Each subject received pre-emptive analgesia with Telazol (4–8mg/kg). They were then sedated, anesthetized, intubated, and placed on mechanical ventilation. A standard Narkomed® anesthesia machine (Dräger, Telford, PA) was used to deliver isoflurane at a maintenance dose (0.5–2%) and ventilation at 8–10mL/kg at 10–14 breaths per minute. A peripheral IV was started on all subjects using an 18- or 20-gauge catheter in the auricular vein. The peripheral auricular vein was chosen because it is most comparable to the antecubital vein in humans.21 Hemodynamics were evaluated continuously that included the following: electrocardiogram, arterial blood pressure via a left carotid artery catheter, mean arterial pressure, oxygen saturation, end-tidal carbon dioxide, and temperature. A forced-air warming blanket was used to sustain rectal temperature greater than 36 degrees Celsius. A Vigileo™ (Edwards Lifesciences, Irvine, CA) was used to obtain cardiac output and stroke volume measurements via the arterial line. The femoral artery was cannulated for the collection of blood samples and for the achievement of controlled hemorrhage.

For swine in the tibial IO group, we inserted an EZ-IO® device (Vidacare, San Antonio, TX) in the proximal, medial tibia. Placement was confirmed by aspiration of blood and easy irrigation with 10mL of 0.9% normal saline (NS). Patency was maintained by administering Lactated Ringer’s solution with a pressure bag at 300mmHg. Subjects were allowed to stabilize for 15 minutes; we then exsanguinated 31% of their blood volume from the femoral artery catheter into a canister. This represented a Class III hemorrhage. Hemorrhage was accomplished by allowing blood to drain by gravity over approximately 15 minutes. To ensure the amount exsanguinated was correct, the investigators used a scale that was accurate and precise within 0.5%.

In response to hypovolemic shock in accordance with Tactical Combat Casualty Care guidelines, we administered 500mL of 5% albumin to all subjects over 10 minutes.22 Five minutes after the administration of albumin, the investigators placed the pigs in cardiac arrest, defined as a nonperfusing arrhythmia. Specifically, after we visualized the heart on transthoracic ultrasound, one spinal needle was placed superior and one placed inferior to the heart. The needles were attached to alligator clamps. The clamps were attached to three 9-volt batteries that were connected in a series to deliver an electrical current, thereby inducing nonperfusing ventricular fibrillation. We were able to establish ventricular fibrillation usually within 10 seconds. In some cases, we had to reposition the needles resulting in 100% being placed into ventricular fibrillation.

The pigs were allowed to remain in arrest for two minutes. Then CPR was initiated by use of the Michigan Automated Thumper™ (Michigan Instruments, Grand Rapids, MI) to automatically compress the sternum to a predetermined depth of 1½ inches at a rate of 100 compressions per minute as per guidelines of the AHA.3 The device ensured consistency and reproducibility of quality chest compressions across all subjects. CPR continued for two minutes with ventilations delivered at 10 breaths per minute.
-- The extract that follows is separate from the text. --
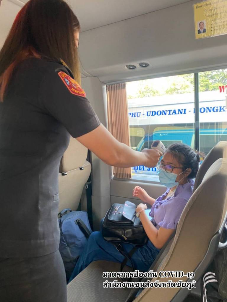 กรมการขนส่งทางบก ตรวจสอบและกำกับผู้ประกอบการขนส่ง พนักงานขับรถ พนักงานบริการให้ดำเนินการเข้มงวดในมาตรการป้องกันการแพร่ระบาดไวรัสเพิ่มมากขึ้น ตรวจวัดอุณหภูมิก่อนขึ้นรถ ล้างมือด้วยเจลแอลกอฮอล์ และสวมหน้ากากอนามัยตลอดการเดินทาง
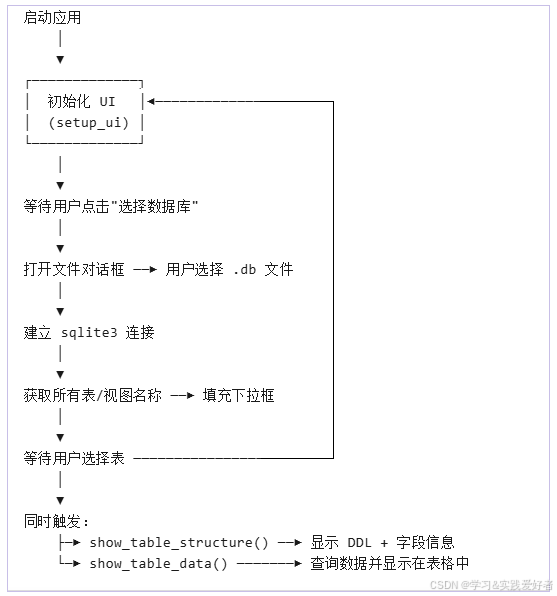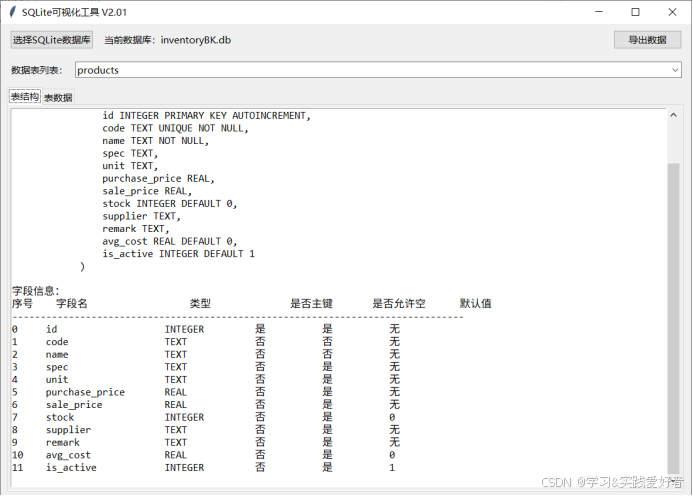 一个基于 Python tkinter 开发的桌面 GUI 应用程序,特别适合需要快速查看 SQLite 数据库内容的场景------用于可视化查看 SQLite 数据库的结构和数据,并能将表数据导出为CSV文件。

Vasopressin was then administered at a dose of 40 units to the IV and IO subjects. The drug was rapidly injected IV or IO push followed by 20mL of NS flush. Blood samples (10mL) were collected from the femoral artery catheter every 30 seconds for three minutes and again at four minutes after vasopressin injection. Before each sample was collected, 10mL of blood was collected and discarded to avoid sample contamination. The catheter was then flushed with 10mL of NS to maintain patency. A baseline sample was not necessary because the drug contains arginine while endogenous vasopressin in swine exclusively contains the lysine isoform.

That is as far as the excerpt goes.